Ingredients – Serves 4
- 6 rashers of streaky bacon
- 1 tablespoon of cooking oil
- 1 onion
- 1 large garlic clove
- 1 unwaxed lemon
- 2x400g cans haricot or cannellinni beans
- 1 chicken stock cube
- Splash of Tabasco sauce
- 4 tomatoes
- 10g flat-leaf parsley
- 4 fillets of haddock or Pollack
- Salt and pepper
- Slice the rashers into strips. Heat the oil in a heavy-bottomed saucepan and cook the bacon for a few minutes until the fat begins to crisp.
- . Finely chop the onion and add to pan, lowering the heat. Stir occasionally for about 10 minutes until the onion is limp and golden – not brown
- Finely chop the garlic and zest the lemon, chopping it into yellow dust.
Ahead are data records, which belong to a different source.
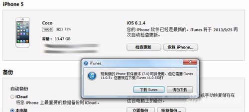 将手机连接好电脑,PC还是Mac无所谓,打开iTunes点“检查更新”,会看到这个界面:
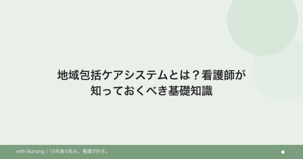 地域包括ケアシステムの基本を看護師の視点でわかりやすく解説。訪問看護・退院支援・多職種連携との関係を整理します。 -
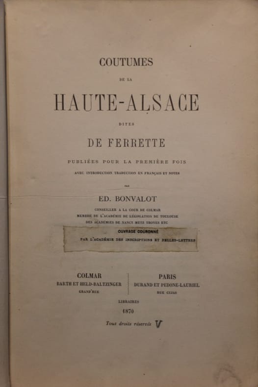 Colmar - Paris, Barth et Held-Baltzinger, Durand et Pedone-Lauriel 1870 In-8 23 x 15 cm. Reliure demi-toile verte, dos lisse, XXXIII-293 pp., notes en bas de page, table. Avec ex-libris du comte de Civry et de Charles Starck. Tampon du musée Sundgauvien, Altkirch, sur la page de garde. Reliure légèrement frottée. ouvrage peu courant.
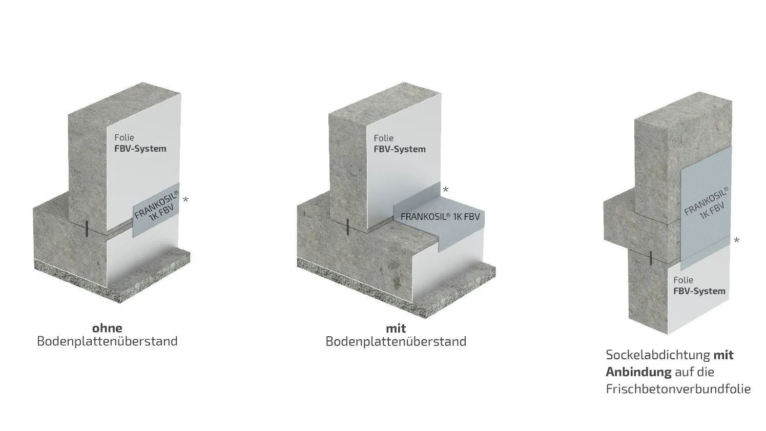 Auf FPO, PVC, Bitumen oder ähnlichem Material basierende Frischbetonverbundfolien zählen zu der neuesten Generation der Bauwerksabdichtung. Besonders bei kritischen Übergängen wie von der Wand zur Bodenplatte oder bei Sockelabdichtungen kann es zu Problemen kommen.
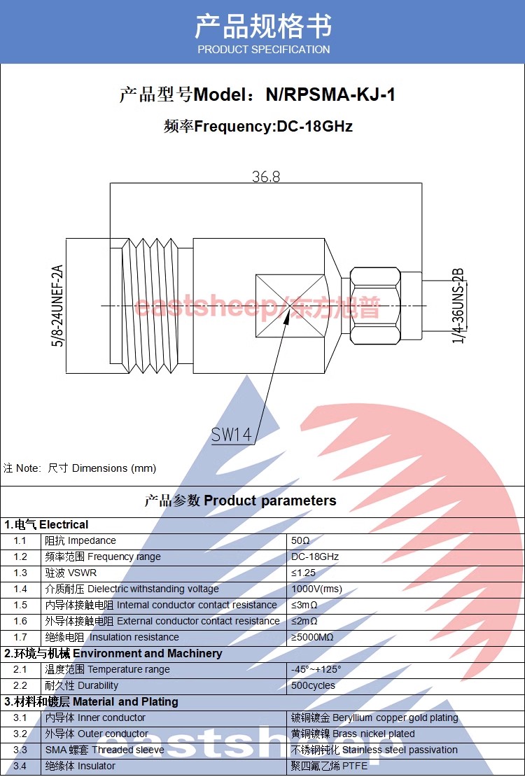 N母—RPSMA公(母頭轉外螺紋內針) |
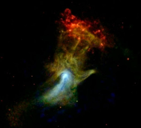 Απίστευτες φωτογραφίες που μοιάζουν ν’ απαθανατίζουν ένα φωτεινό χέρι κάνουν το γύρο του διαδικτύου. Προέρχονται από το διαστημικό τηλεσκόπιο Nustar και πρόκειται για ένα εντυπωσιακό κοσμικό φαινόμενο που κατέγραψαν οι επιστήμονες. Το νεφέλωμα είναι πιθανόν να δημιουργήθηκε από την αυτοκαταστροφή ενός άστρου και βρίσκεται 17 χιλιάδες έτη φωτός μακριά από τη Γη στον αστερισμό του Διαβήτη.
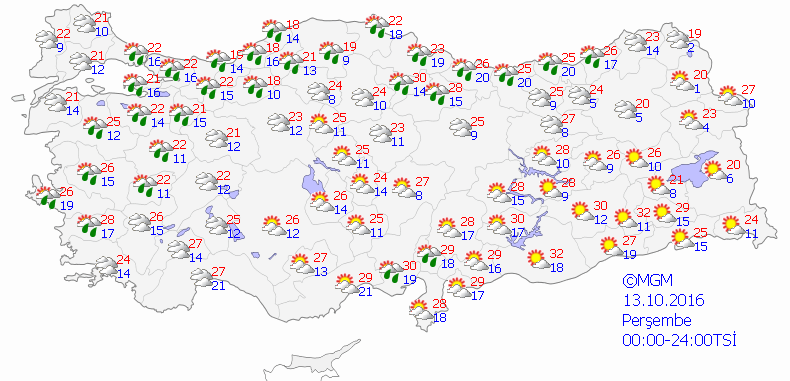 Yapılan son değerlendirmelere göre; Marmara'nın doğusu, Kuzey ve Kıyı Ege, Batı ve Orta Karadeniz, Doğu Karadeniz'in kıyı kesimleri, Uşak çevreleri ile Antalya'nın doğu kesimlerinin yerel olmak üzere sağanak yağışlı, diğer yerlerin parçalı ve az bulutlu geçeceği tahmin ediliyor.
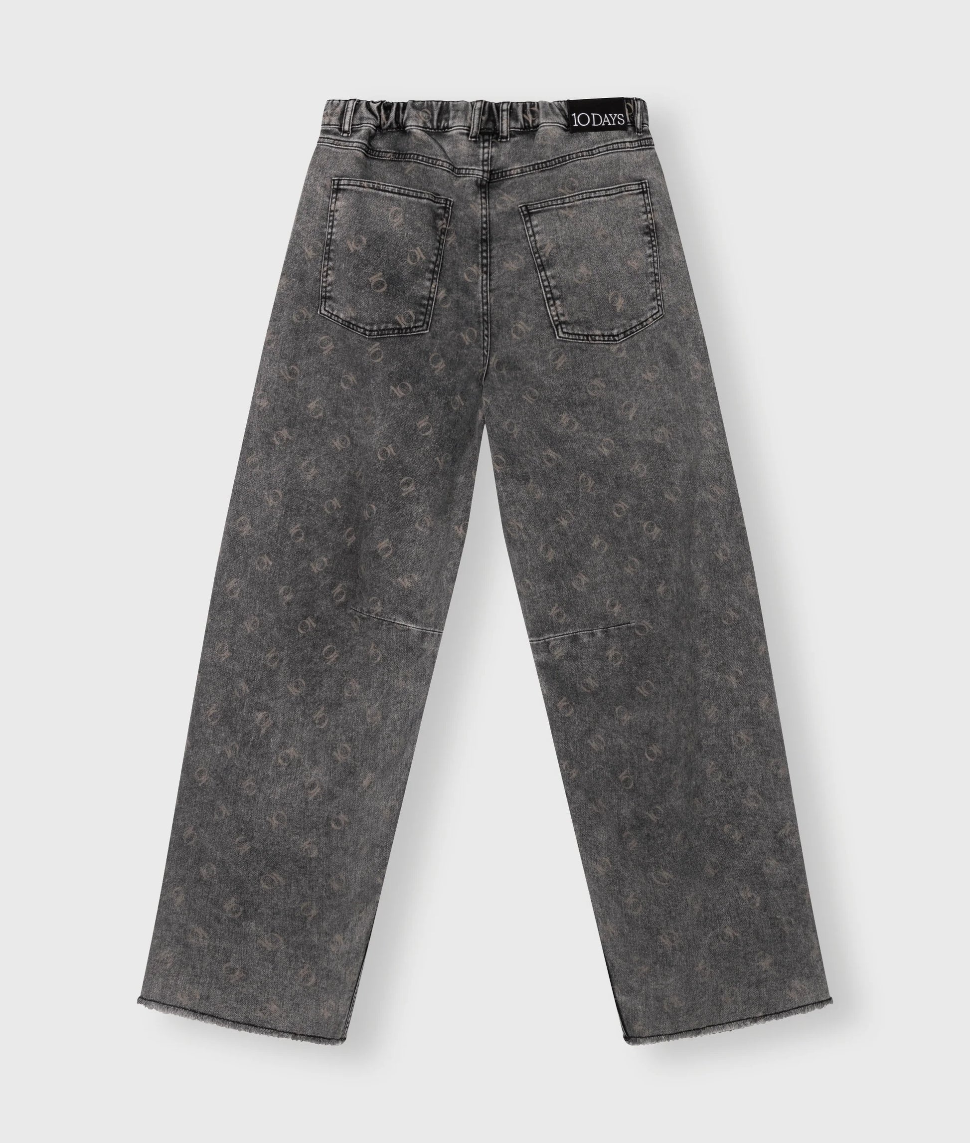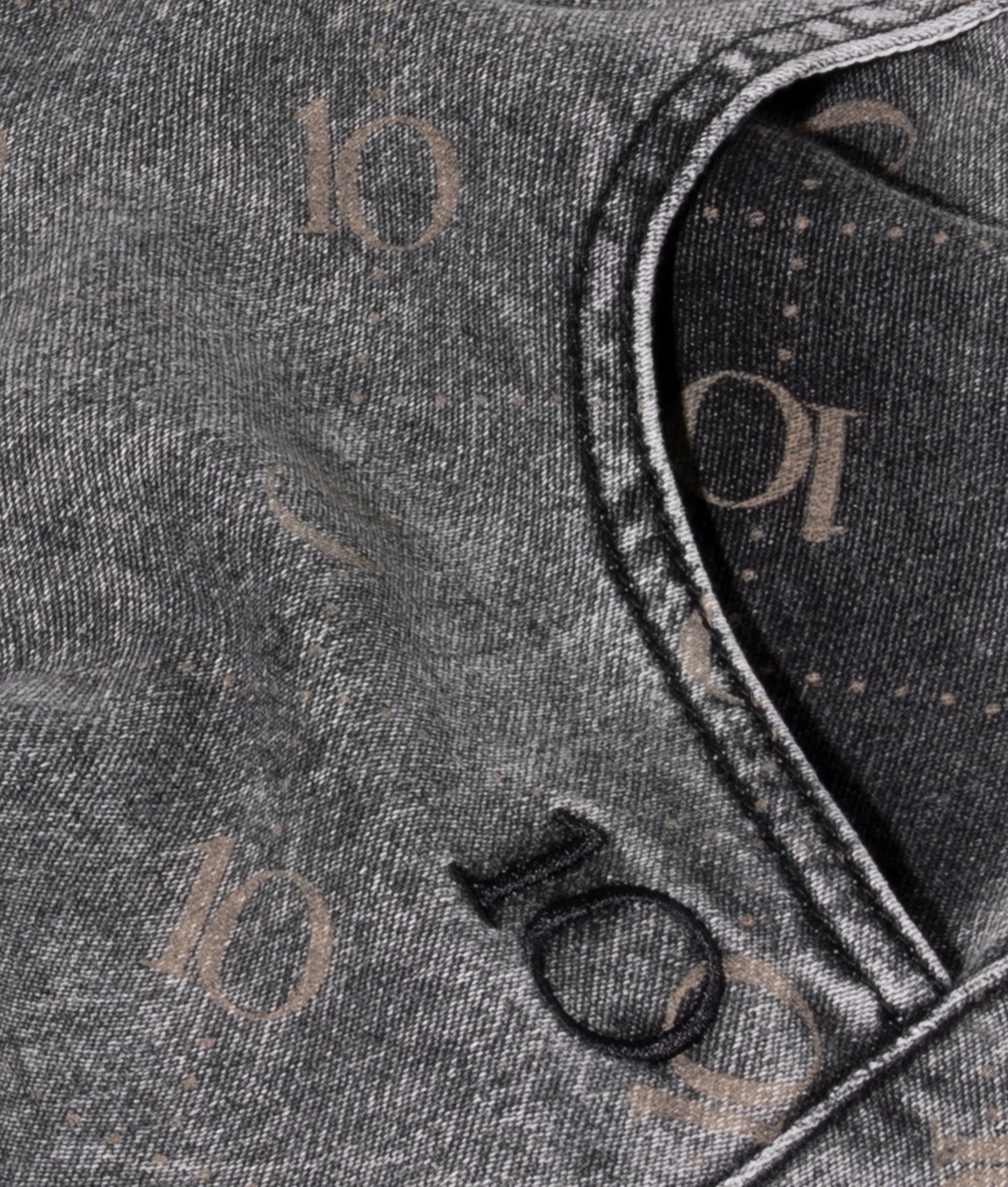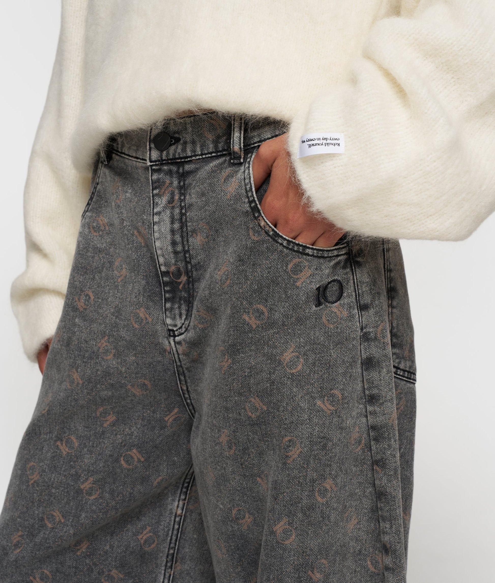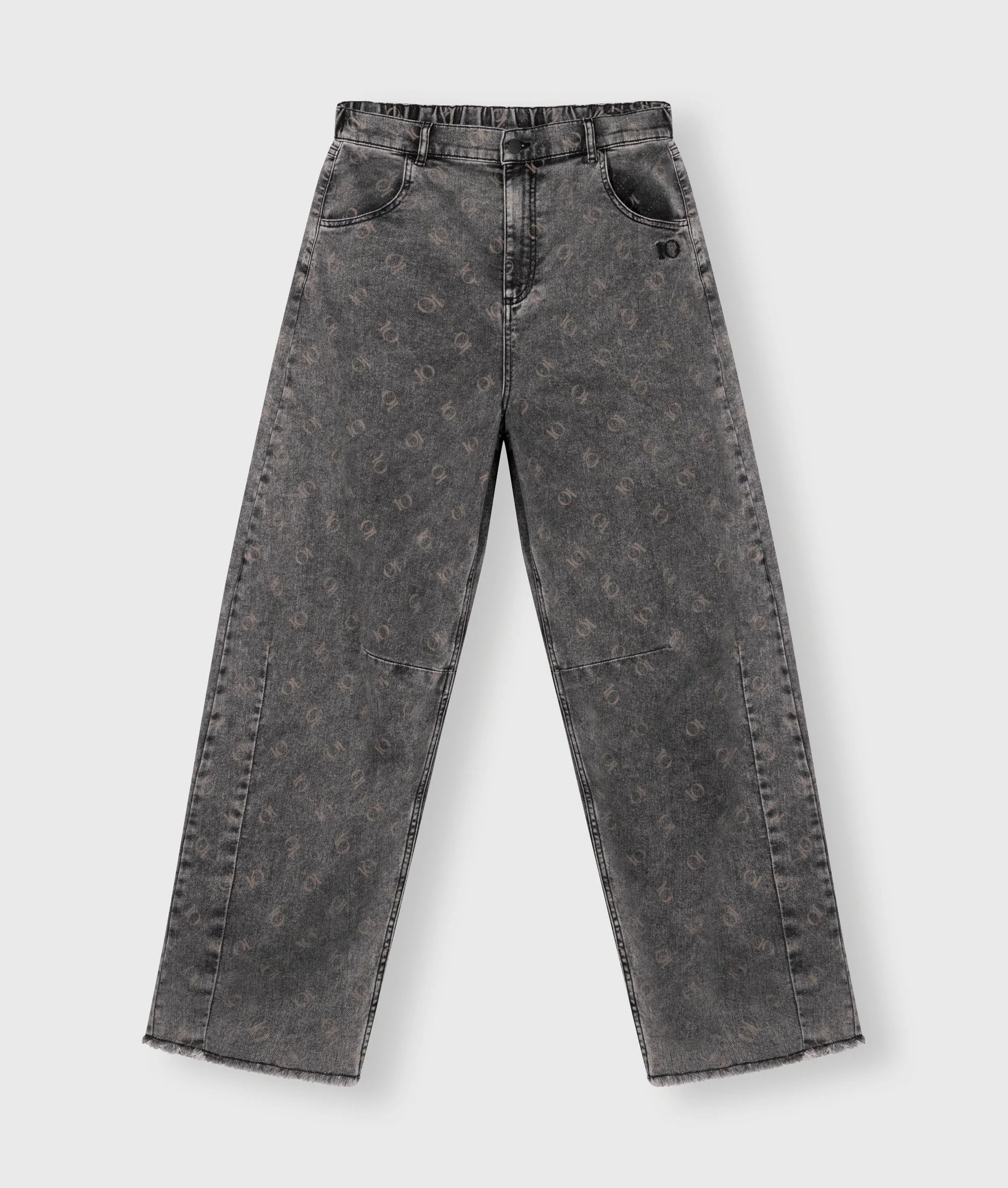 Pantalones western oversize de pierna ancha con estampado monograma, confeccionados en suave algodón. Cuentan con cintura elástica en la parte trasera y cierre con botón y cremallera, trabillas, bolsillos delanteros, bolsillos traseros de parche, un bordado con el monograma «10» debajo del bolsillo delantero izquierdo, costuras en las esquinas a lo largo de las piernas y dobladillo sin rematar.

- Stir both into the pan and cook for a minute or two until aromatic.
- Rinse the beans in cold water and stir into the pan.
- Dissolve the stick cube in 450ml boiling water then add to the ban with Tabasco sauce. Simmer for 5 minutes.
- Meanwhile, cover the tomatoes with boiling water in a separate pan. Count to 30, then drain the tomatoes, peel and chop.
- Chop the parsley. Cut the fish into big, bite-size chunks and season with salt and pepper.
- Stir tomatoes and most of the parsley into the beans. Cook for 2 minutes then stir in the fish.
- Cook for 5-10 minutes until the fish is opaque. Serve in shallow soup bowls garnished with parsley and a lemon wedge.